# I'm living the single life



## 1544c (Jul 27, 2011)

Let me be the first to welcome me back to the single life!
I've been in the most dramatic relationship i've ever had to deal with. Jealousy and insecurity at all times. I'm still in love with her, she's still in love with me.
but it had to end. it sucks having to be the one to be cold and push someone you love away when it's consistently not working, knowing it's going to be more healthy for both of ya if you're not together.

woe is me. boo who.
here is a fun song from the 80s to make me, and everyone else that's recently single, happy about their new situation as a lone wolf.

http://www.youtube.com/watch?v=oRsmpQRbeuM&ob=av2e


----------



## bryanpaul (Jul 27, 2011)

i like this one...flip-side of the coin......... http://www.youtube.com/watch?v=KRa4i_l8khY&feature=related


----------



## Missy (Jul 27, 2011)

You really made a thread about being single.......

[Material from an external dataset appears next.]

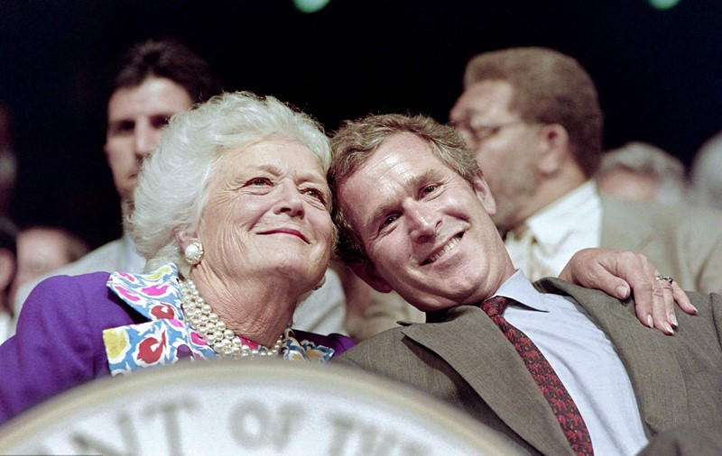 当地时间1992年8月17日,美国休斯敦, 前美国第一夫人芭芭拉.布什与儿子乔治·布什出席共和党全国代表大会。

Maybe next time I take out the trash, go to the bathroom or pet my cat ill make a thread about.

Hold on new thread inbound I just opened a beer! Here watch this youtube video, it describes what i feel!

http://www.youtube.com/watch?v=CqKqILzqCE8


----------



## bryanpaul (Jul 27, 2011)

Missy said:


> You really made a thread about being single.......
> 
> Maybe next time I take out the trash, go to the bathroom or pet my cat ill make a thread about.
> 
> ...


well...um...i'm not a "mod" or anything but there are several threads on "4loko" already on the site maybe you should use the search feature.... sheesh.... also, i just made this squash/onion/garlic/tomato/eggplant/pasta/cheese casserole and it was real yum.......i'm also single


----------



## freeganmachine (Jul 27, 2011)

I've recently become single and the situation sounds the same. Life is strange. Oh man, I just started watching that music video. Bloody hell, this is great. xD


----------



## Storm Smokes Rocks (Aug 18, 2011)

relationships on the road are something that are hard to come by i would think especially if your spouse cant come with you on your travels or want to commit to a long term relationship. personally if they arnt down with what your doing dont give it up. EMBRACE THE SINGLE LIFE. and share as many aids as you can


----------



## Vonuist (Aug 27, 2011)

To me relationships just end up being a big list of prohibitions, I'd rather be free.


----------



## thisisme (Sep 6, 2011)

freeganmachine said:


> I've recently become single and the situation sounds the same. Life is strange. Oh man, I just started watching that music video. Bloody hell, this is great. xD


same situation here as well. Life is strange indeed. Nice to hear im not the only one:/


----------